Gas bubble trauma is a condition that affects fish and other organisms when the sum of the partial pressures of all dissolved gases exceeds atmospheric pressure. At this level there is the potential for gas bubbles to develop in water and in the aquatic and marine organisms that inhabit the water. Spilling water results in habitat concerns that are a violation of BPA’s Clean Water Act and Endangered Species Act obligations.

During certain periods of the year, increased TDG levels, coupled with excess generation after meeting load and export requirements, have created a lack of demand for federal hydropower, even at zero cost. Coupled with transmission limitations and increasing wind generation, the inability to spill water and reduce hydroelectric generation adds to the complexities of managing the region’s grid system.

Wind Generators Curtailed

One way to minimize injection of these gases into water has been to continue operating hydro turbines, because water moved through turbines generally injects lower amounts of gases into water. Therefore, when water gas levels increase, BPA requires thermal and other generators to reduce output when there is low demand, and excess electricity produced by the federal utility’s hydro plants is provided free to the grid.

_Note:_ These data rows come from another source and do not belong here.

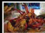
Lobster Party & Live Music le Vendredi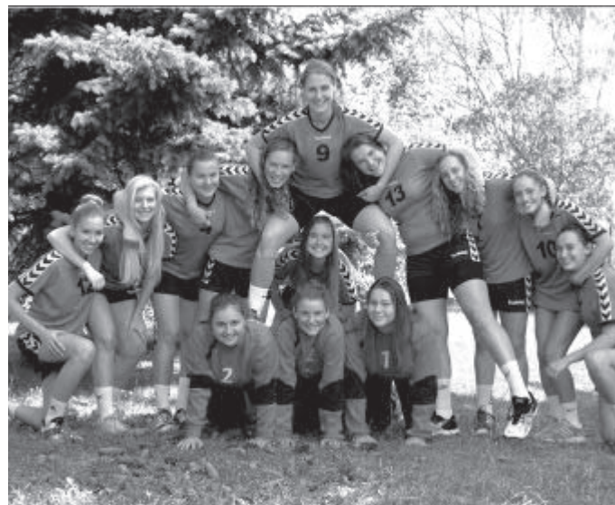
TJ Jiskra Havlíčkův Brod - Sokol Písek 25:31 (13:15)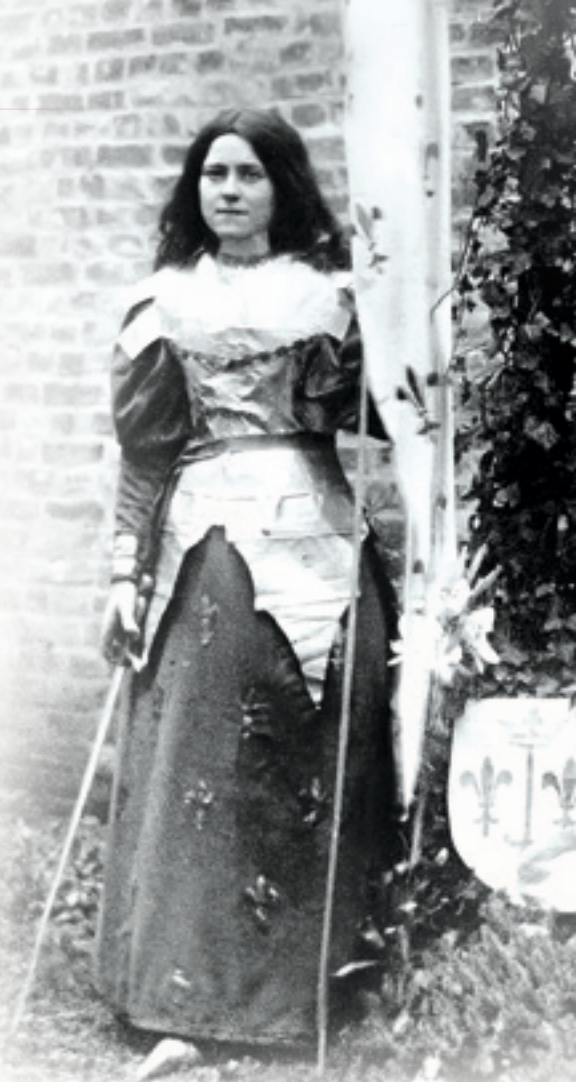
Arriba, Santa Teresa del Niño Jesús vestida de Juana de Arco, en 1895; a la izquierda, en el patio del Carmelo de Lisieux, en 1896

No obstante, mucho antes del abad de Sept-Fons, nuestro divino Modelo nos dio el ejemplo supremo. Al disponerse a comenzar su vida pública, Nuestro Señor Jesucristo pasó cuarenta días en retiro en el desierto; durante los tres años que predicó en Israel, previamente a cada gran acción se recogía en la soledad de las montañas para orar al Padre; por último, en vísperas de iniciar su pasión salvadora, se dirigió al huerto de los olivos para meditar y rezar. Nadie jamás ha actuado como el Redentor, ni con mayores frutos;

Wind generators producing electricity during these periods of excess supply and low demand are then subject to curtailment because hydroelectric facilities have to be in operation to preserve river TDG levels. This replacement of planned wind schedules each hour with hydropower is referred to as environmental redispatch (ER).

This ER mechanism was used to curtail wind generation during the period May 18 to July 10, 2011, resulting in the ER of approximately 97,500 MWh of wind and lost contract payments for several wind generators in the region. One of the key features of the ER scheme was that even those customers with firm transmission agreements could be curtailed due to the inability of BPA to spill excess water; consequently, wind generators may not receive contractual payments for their curtailed period. The ER system priorities are:

  • Preserve system reliability
  • Safeguard fish
  • Avoid cost shifts to BPA customers
  • Support renewable integration

The whole concept of ER was very contentious, and several wind generation owners filed complaints with FERC in June 2011 indicating that BPA was not providing appropriate transmission service, as described in the tariff. Among several issues indicated in the June 2011 filing, one of the key concerns was about BPA revoking the contractual transmission rights of several renewable generators in the region (Figure 4).

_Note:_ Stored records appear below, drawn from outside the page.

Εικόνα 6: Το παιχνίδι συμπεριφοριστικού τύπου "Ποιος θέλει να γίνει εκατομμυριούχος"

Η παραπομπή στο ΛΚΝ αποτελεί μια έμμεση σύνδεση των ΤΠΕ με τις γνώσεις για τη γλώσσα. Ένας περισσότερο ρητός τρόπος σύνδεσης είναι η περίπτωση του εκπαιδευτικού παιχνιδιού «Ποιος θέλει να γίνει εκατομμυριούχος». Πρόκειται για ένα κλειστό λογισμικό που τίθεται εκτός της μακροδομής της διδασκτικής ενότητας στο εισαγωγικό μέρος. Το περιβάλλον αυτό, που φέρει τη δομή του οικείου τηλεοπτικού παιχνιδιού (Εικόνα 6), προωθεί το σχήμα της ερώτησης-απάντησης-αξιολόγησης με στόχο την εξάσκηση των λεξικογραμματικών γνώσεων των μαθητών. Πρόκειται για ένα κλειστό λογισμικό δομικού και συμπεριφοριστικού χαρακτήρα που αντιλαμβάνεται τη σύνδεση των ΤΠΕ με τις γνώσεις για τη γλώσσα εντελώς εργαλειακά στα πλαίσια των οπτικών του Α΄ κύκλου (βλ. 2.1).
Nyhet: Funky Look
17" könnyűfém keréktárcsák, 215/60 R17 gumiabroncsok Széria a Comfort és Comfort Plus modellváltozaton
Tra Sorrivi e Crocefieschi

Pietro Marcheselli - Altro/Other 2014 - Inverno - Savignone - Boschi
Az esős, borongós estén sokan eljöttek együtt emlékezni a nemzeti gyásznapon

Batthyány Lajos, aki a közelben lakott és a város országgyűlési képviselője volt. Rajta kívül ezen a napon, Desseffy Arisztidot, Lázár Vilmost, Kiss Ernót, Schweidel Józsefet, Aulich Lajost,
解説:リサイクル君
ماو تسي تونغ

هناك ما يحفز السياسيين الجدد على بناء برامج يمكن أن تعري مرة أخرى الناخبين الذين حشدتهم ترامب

4. Concerns about wind curtailment and FERC intervention. Source: ICF International

In response to these complaints from wind generation owners, BPA issued the Oversupply Management Protocol in early 2012 (still pending FERC approval), which implements a least-cost displacement of nonfederal generation within BPA’s territory to identify generators subject to curtailment during periods of excess supply. The methodology also creates a distinction with respect to the treatment of variable and nonvariable energy resources. For example, variable resources like wind would be compensated on a $/MWh basis in the event of curtailment. The basis for compensation would be the audited cost information that would have to be submitted annually by wind generators to BPA. Such cost information for wind could include unbundled renewable energy credits, production tax credits, and contracted value of generation.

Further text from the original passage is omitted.